__INSTRUCTIONS TO FOLLOW__
The reply should hold only the lines below beginning at the one with "Thousands of lights" and ending at the one with "Three features make", copied exactly, with every picture left out.

__RECORDS__
§
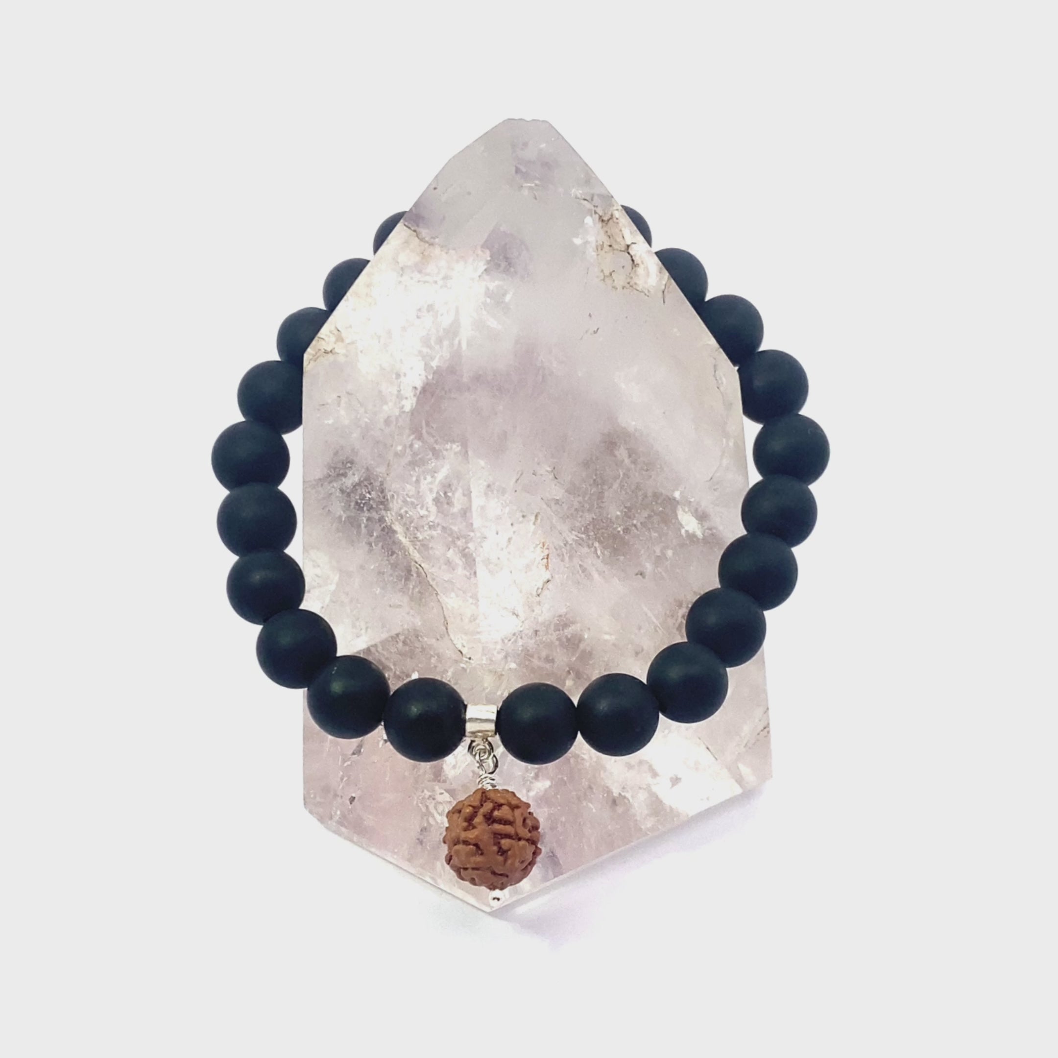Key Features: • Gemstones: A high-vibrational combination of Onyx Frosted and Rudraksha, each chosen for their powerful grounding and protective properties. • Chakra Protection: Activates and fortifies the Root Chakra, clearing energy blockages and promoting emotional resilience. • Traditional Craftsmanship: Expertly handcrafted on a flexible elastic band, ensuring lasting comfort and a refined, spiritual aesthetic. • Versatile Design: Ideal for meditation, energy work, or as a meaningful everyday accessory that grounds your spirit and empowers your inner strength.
§
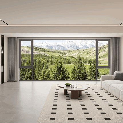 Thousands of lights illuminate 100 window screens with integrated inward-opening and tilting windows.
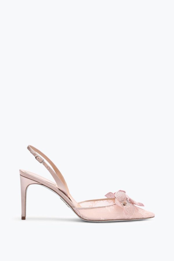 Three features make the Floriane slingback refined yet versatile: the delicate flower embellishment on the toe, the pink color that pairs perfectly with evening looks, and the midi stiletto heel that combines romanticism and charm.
§
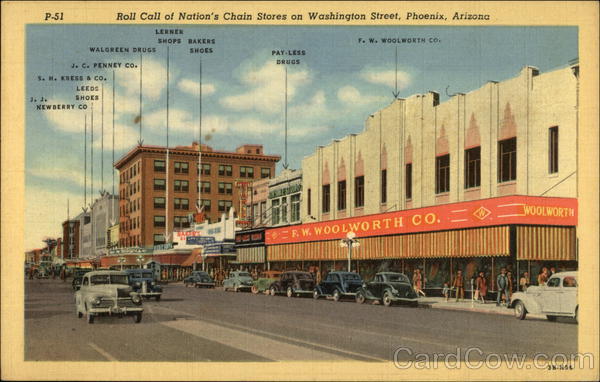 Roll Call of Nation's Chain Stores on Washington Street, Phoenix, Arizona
§
__RESULT OF THIS TASK__
 Thousands of lights illuminate 100 window screens with integrated inward-opening and tilting windows.
 Three features make the Floriane slingback refined yet versatile: the delicate flower embellishment on the toe, the pink color that pairs perfectly with evening looks, and the midi stiletto heel that combines romanticism and charm.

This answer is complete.